Type
- Type: Local authority of the South West District

Leadership
- Mayor: Low Yen Ling
- General Manager: Dulcie Eng
- Seats: 17

Website
- southwest.cdc.gov.sg

= South West Community Development Council =

South West District of Singapore

The South West Community Development Council is one of five Community Development Councils (CDCs) set up across the Republic of Singapore to aid in local administration of governmental policies and schemes. They are funded in part by the government although they are free to engage in fund-raising activities.

The South West Community Development Council (CDC) was formed on 24 November 2001. Spanning the south-western region of Singapore, covering a third of its land area. The District has about 220,000 households with over 750,000 residents. The District has a characteristically high concentration of industrial estates, including the Jurong Islands and Tuas area.

==Constituencies==
As of May 2025, the South West district covers:

===Single Member Constituency (SMC)===
- Bukit Gombak SMC
- Jurong Central SMC
- Pioneer SMC

===Group Representation Constituency (GRC)===
- Chua Chu Kang GRC
  - Brickland (Note: Known in the Chua Chu Kang Town Council as "Brickland-Tengah".)
  - Chua Chu Kang
  - Keat Hong
  - Tengah
- Jurong East–Bukit Batok GRC
  - Bukit Batok East
  - Bukit Batok
  - Clementi
  - Hong Kah North
  - Yuhua
- West Coast-Jurong West GRC
  - Ayer Rajah
  - Boon Lay-West Coast (Note: While West Coast is considered as one division for the West Coast-Jurong West GRC, the Meet-the-People Sessions for West Coast division is currently overseen by two MPs, Ayer Rajah division MP Cassandra Lee and Boon Lay division MP Desmond Lee.
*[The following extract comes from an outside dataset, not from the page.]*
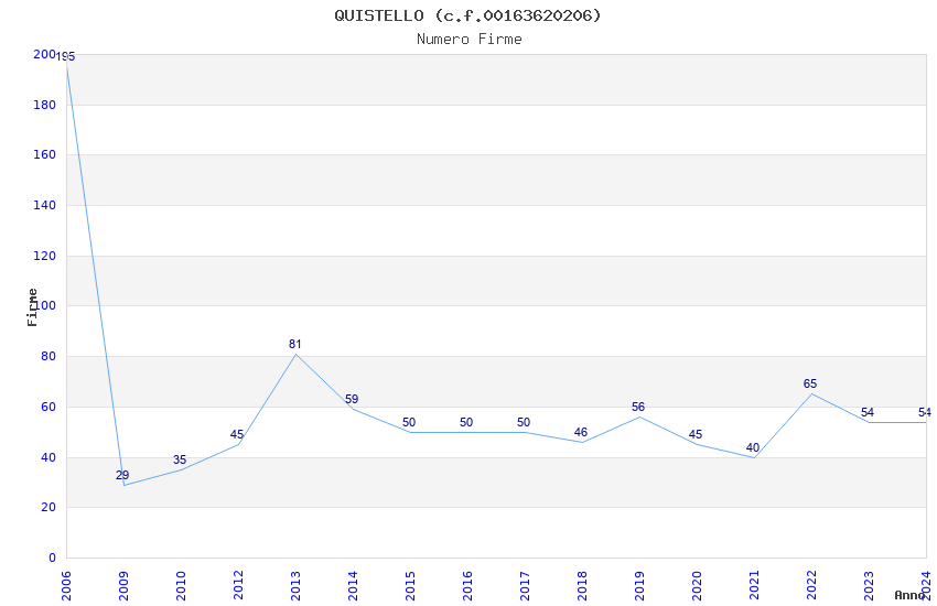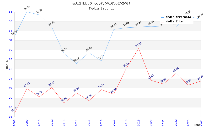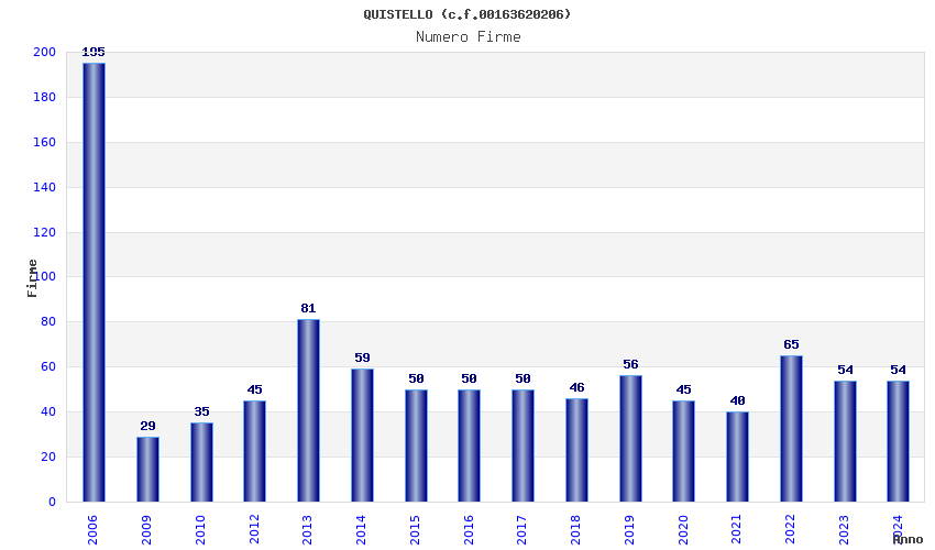 | Anno | Firme | Importi | Media | Naz. | Reg. | Prov. | Comu. |

Either one of two MPs conduct said sessions for the West Coast division on alternating weeks. For the purpose of the MP representation, it is considered as Boon Lay-West Coast.)
  - Nanyang
  - Jurong Spring-Gek Poh
  - Taman Jurong

==Results of CDC by election==
The South West CDC was among its traditional strongholds for the ruling PAP due to a high contested vote share of at least 60% throughout its lifetime (peaking at 78.87% in the 2001 election) or seats being won via walkover. While in 2006 saw that CDC having the fewest seats being contested, with just one seat (and the only time the CDC polled below national average), 2015 saw the CDC polling the highest among all CDCs, at 77.39%. But in 2020, the CDC saw a steep decline in their PAP's contested vote (most notably West Coast GRC), but barely maintained a share higher than the national average, in addition of retaining every seats for the PAP.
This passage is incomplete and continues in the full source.